Aucun bateau ne partant, ils se dispersent deux par deux dans toute l’Italie et, conformément au vœu de Montmartre, se dirigent vers Rome où ils se retrouveront tous à Pâques 1538.
Ignace arrive à Rome avec Jacques lainez et Pierre Favre vers la mi-novembre 1537. A une quinzaine de kilomètres de la ville, au lieu dit La Storta, Ignace entre dans une chapelle pour prier.
Dans la chapelle, Ignace sent « un tel changement dans son âmes et voit si clairement que Dieu le Père le met avec le Christ son Fils qu’il n’aura jamais l’audace de douter de cela, à savoir que Dieu le Père le mettait avec son Fils » (Récit n° 96). A ses compagnons interloqués, il répond : « J’ai cru voir le Christ avec sa croix sur l’épaule et, à côté de lui, le Père éternel qui disait à son fils : « Je veux que tu prennes celui-ci pour ton serviteur. » Et Jésus m’a dit : « je veux que tu nous serves ».

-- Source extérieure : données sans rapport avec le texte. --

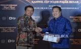 Presiden Direktur PT Adaro Energy Indonesia Tbk (Adaro) Garibaldi Thohir (kanan) menerima penghargaan dari Kepala Kantor Wilayah DJP Wajib Pajak Besar Yunirwansyah (kiri) di Jakarta, Rabu (26/6/2024). PT Adaro Indonesia mendapatkan apresiasi dan anugerah atas komitmen perusahaan yang senantiasa tertib dan transparan, yaitu ketaatan dan kepatuhan melaksanakan kewajiban perpajakan sesuai peraturan perpajakan yang berlaku dan dengan pelaporan perpajakan secara tepat waktu, serta berkontribusi terbesar pada Tahun Pajak 2023 di Kantor Wilayah DJP Wajib Pajak Besar. (FOTO : Republika/Prayogi)
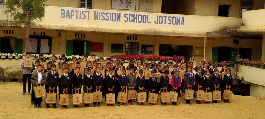 BMS: Baptist Mission School, Jotsoma observed WED where Classes 9 and 10 students along with some teachers went for plantation drive with Puliebadze Club, Jotsoma to plant tree saplings in and around Jotsoma. Classes 1 to 8 cleaned the school campus as well as the roadside and planted flower plants. During the morning assembly, the school Headmaster highlighted on the importance of avoiding plastics as well as to follow the 5 R’s (Reduce, Reuse, Recycle, and Repurpose). They also took the pledge to make the school campus a ‘Plastic Free Zone.’ With the help of PHE Department, BMS made 100 jute carry bags and distributed to the members of BMS Sanitation Club.
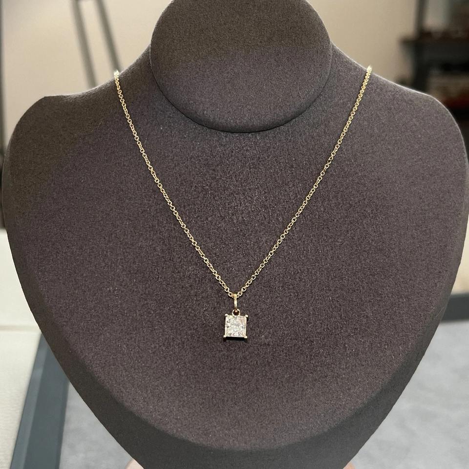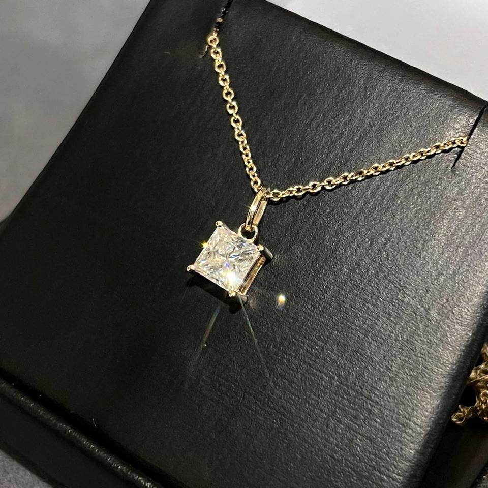 สร้อยคอจี้เพชรทรงเจ้าหญิงแบบใหม่ คุณภาพ VVS เพชรเลี้ยงในห้องปฏิบัติการ ตัวเรือนทองคำแท้ 14k สำหรับผู้หญิง ราคาประหยัด

Les compagnons enfin tous réunis à Rome accomplissent le voeu de Montmartre. Ils sont reçus par le Pape Paul III en novembre 1538 et s’offrent à lui pour toute mission qu’il voudra bien leur confier. Le groupe des compagnons va-t-il alors voler en éclats ? Non, car une évidence s’impose à eux : puisque le Seigneur les a rassemblés, eux de pays et de mentalités si différents, « il vaut mieux pour nous que nous soyons tellement unis et liés en un seul corps qu’aucune séparation physique, pour grande qu’elle soit, ne puisse nous séparer. »

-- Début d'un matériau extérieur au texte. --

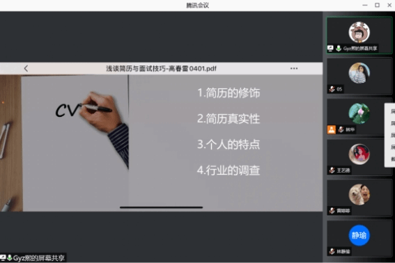 高春雷分享的主题是“简历制作与面试技巧”,结合自己的工作经历和择业历程,给同学讲解了在简历制作过程和面试环节中的一些注意事项。在简历准备方面,首先,简历应真实简洁地突出核心信息,如校园活动经历、社会实践经历。其次,需要了解用人单位需求,并且根据自身情况呈现与招聘单位的高匹配度。在谈到面试注意事项时,他向同学们介绍了常见的两种面试形式——压力性面试和非压力性面试,他特别指出在面对压力性面试时,同学们应自信大方,从容面对,语言应有一定的逻辑性,注意形象和保持微笑等

Les Compagnons décident de former un nouvel institut « La Compagnie de Jésus » dont la « Formule » sera soumise au Pape. Le 27 septembre 1540, Paul III signe la bulle d’approbation. Le 17 avril 1541, Ignace, après avoir récusé deux fois le vote de ses compagnons, accepte la charge de Préposé Général. Dès le 22 avril, les six compagnons encore présents à Rome font leur profession solennelle. Les autres la feront là où ils missionnent déjà.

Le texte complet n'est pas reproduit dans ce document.